1from abc import ABC, abstractmethod
2from pyspark.sql import DataFrame
3from pyspark.sql import functions as F
4import logging
5
6class DataPipelineTemplate(ABC):
7 """Template class for data pipeline workflows."""
8
9 def run_pipeline(self, input_data: DataFrame) -> DataFrame:
10 """Template method that fixes the order of pipeline stages."""
11 try:
12 validated_data = self.validate_input(input_data)
13 preprocessed_data = self.preprocess_data(validated_data)
14 processed_data = self.apply_business_logic(preprocessed_data)
15 postprocessed_data = self.postprocess_data(processed_data)
16 final_data = self.validate_output(postprocessed_data)
17 self.log_results(final_data)
18 return final_data
19 except Exception as e:
20 self.handle_error(e)
21 raise
22
23 @abstractmethod
24 def validate_input(self, data: DataFrame) -> DataFrame: ...
25
26 @abstractmethod
27 def preprocess_data(self, data: DataFrame) -> DataFrame: ...
28
29 @abstractmethod
30 def apply_business_logic(self, data: DataFrame) -> DataFrame: ...
31
32 @abstractmethod
33 def postprocess_data(self, data: DataFrame) -> DataFrame: ...
34
35 @abstractmethod
36 def validate_output(self, data: DataFrame) -> DataFrame: ...
37
38 def log_results(self, data: DataFrame):
39 logging.info(f"Pipeline completed.

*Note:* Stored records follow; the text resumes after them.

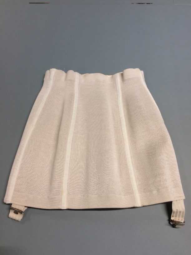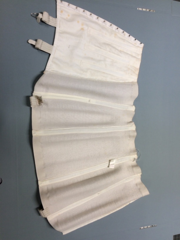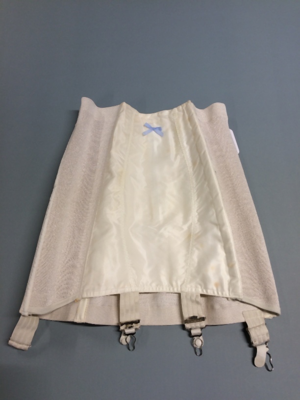 Witte gaine, brede corrigerende band, zonder kruisje, maat 72B, onderdeel van beige koffer met lingerie
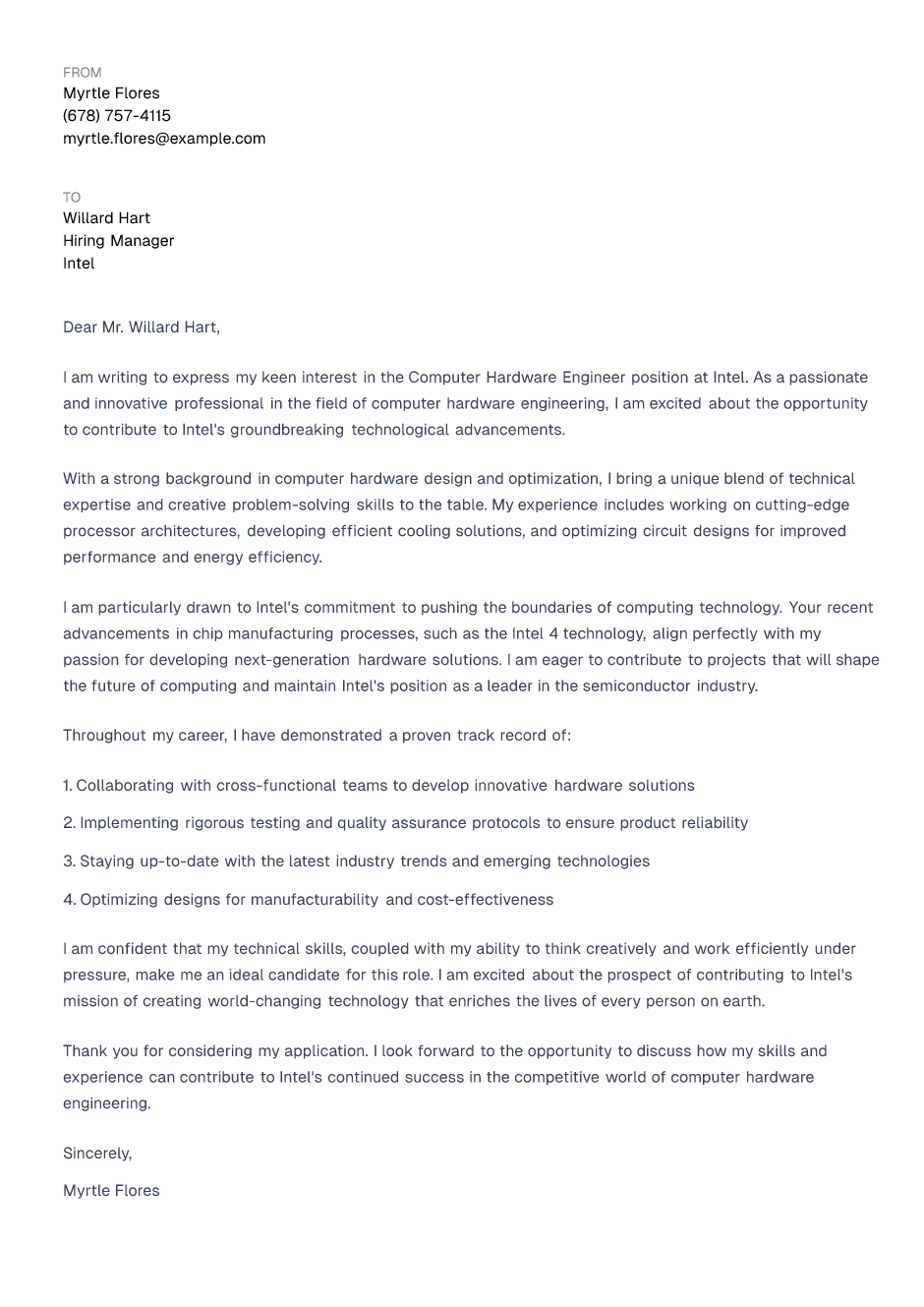 Thank you for considering my application. I look forward to the opportunity to discuss how my skills and experience can contribute to Intel's continued success in the competitive world of computer hardware engineering.
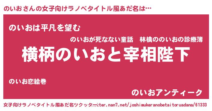 | 男性向けラノベタイトル風あだ名 | 『のいおに滅ぼされるだけの簡単なお仕事です』 |
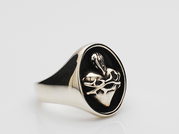 ◆ハートにイバラが巻きついた重厚感のある印台デザインのリングです。

Output rows: {data.count()}")
40
41 def handle_error(self, error: Exception):
42 logging.error(f"Pipeline failed: {error}")
43
44class SalesDataPipeline(DataPipelineTemplate):
45 """Concrete implementation for sales data."""
46
47 REQUIRED_COLUMNS = ["sale_id", "product_id", "amount", "date"]
48
49 def validate_input(self, data: DataFrame) -> DataFrame:
50 missing = [c for c in self.REQUIRED_COLUMNS if c not in data.columns]
51 if missing:
52 raise ValueError(f"Missing required columns: {missing}")
53 return data
54
55 def preprocess_data(self, data: DataFrame) -> DataFrame:
56 return (
57 data.dropDuplicates(["sale_id"])
58 .withColumn("date", F.to_date("date"))

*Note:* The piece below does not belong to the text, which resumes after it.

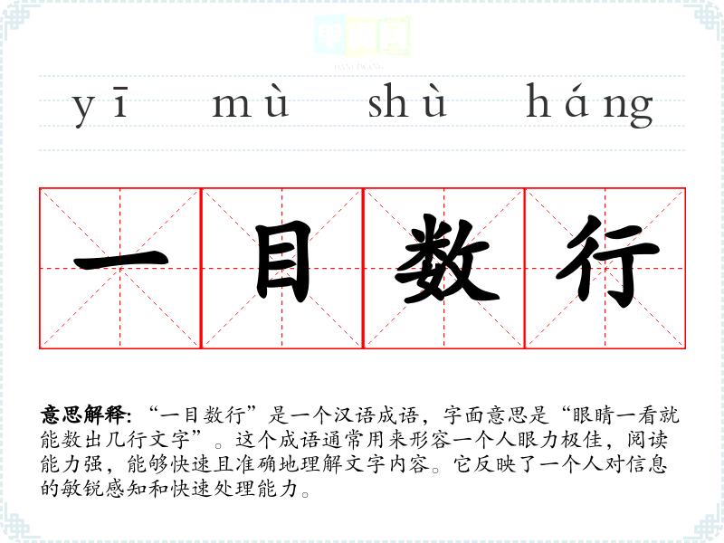 “一目数行”是一个汉语成语,字面意思是“眼睛一看就能数出几行文字”。这个成语通常用来形容一个人眼力极佳,阅读能力强,能够快速且准确地理解文字内容。它反映了一个人对信息的敏锐感知和快速处理能力。
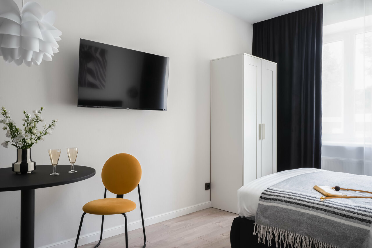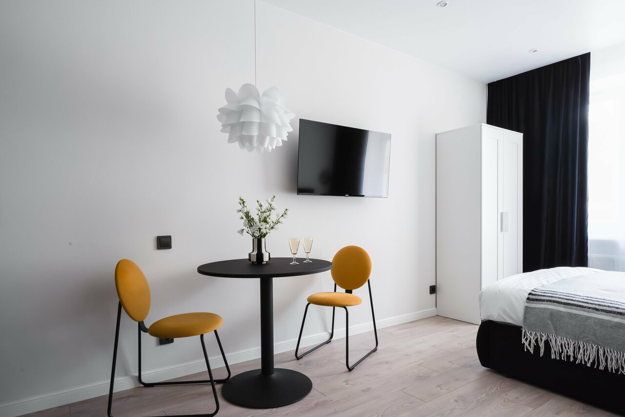 Идеальное расположение апартов- почти в центре города В студии все самое необходимо для проживания, даже кофемашина, сушилки для обуви и ролики для одежды. Все было супер

59 .withColumn("year", F.year("date"))
60 .withColumn("month", F.month("date"))
61 )
62
63 def apply_business_logic(self, data: DataFrame) -> DataFrame:
64 daily = data.groupBy("date").agg(
65 F.sum("amount").alias("daily_total"),
66 F.count("*").alias("daily_transactions"),
67 )
68 return data.join(daily, "date", "left")
69
70 def postprocess_data(self, data: DataFrame) -> DataFrame:
71 return data.withColumn("amount", F.round("amount", 2))
72
73 def validate_output(self, data: DataFrame) -> DataFrame:
74 negative = data.filter(F.col("amount") < 0).count()
75 if negative > 0:
76 logging.warning(f"Found {negative} rows with negative amounts")
77 return data
78
79# Usage
80sales_pipeline = SalesDataPipeline()
81result = sales_pipeline.run_pipeline(sales_df)

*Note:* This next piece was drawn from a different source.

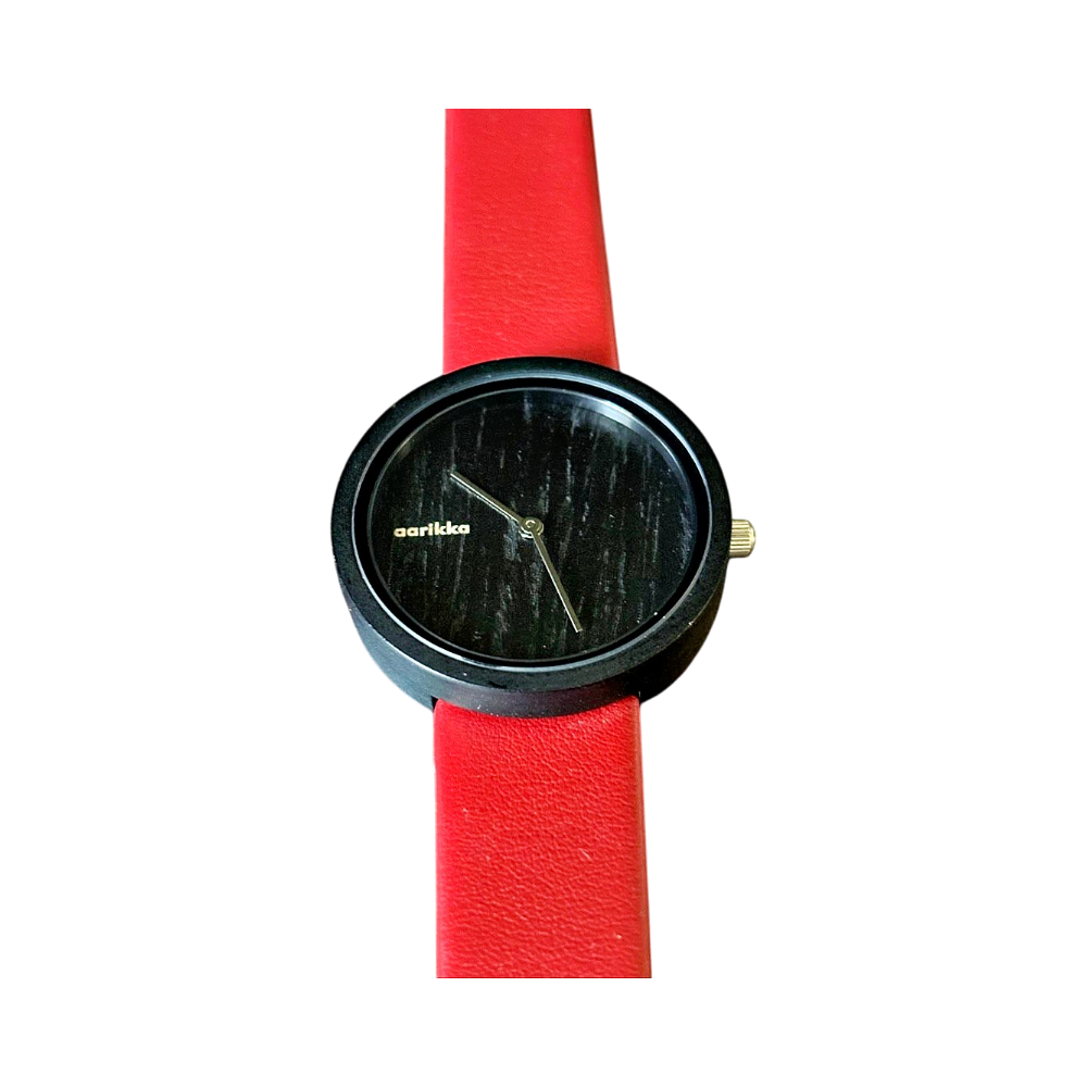Pari kertaa käytössä ollut Aarikka -rannekello, joten kunto lähes uudenveroinen. Pituus 22 cm, kellotaulun halkaisija 35 mm. Ranneke aitoa nahkaa. Toiseksi viimeisen kiinnitysreiän kohdalla parin millin mittainen hyvin haalea naarmu (toiseksi viimeinen kuva).

The base class fixes the stage order and the error-handling shape; every subclass only has to fill in what each stage means for its domain. Adding a second subclass (say LogDataPipeline) reuses the whole scaffold for free.
When to use it: any time you have several pipeline variants that share a common shape and differ only in the content of each stage.
Summary
Strategy, decorator, and template method each solve a different problem: runtime algorithm swap, orthogonal concerns, and shared skeletons. Combined with the five basic patterns, they cover most of the structural shapes you’ll reach for in a production pipeline. Start simple; only reach for an advanced pattern when the basic one stops fitting.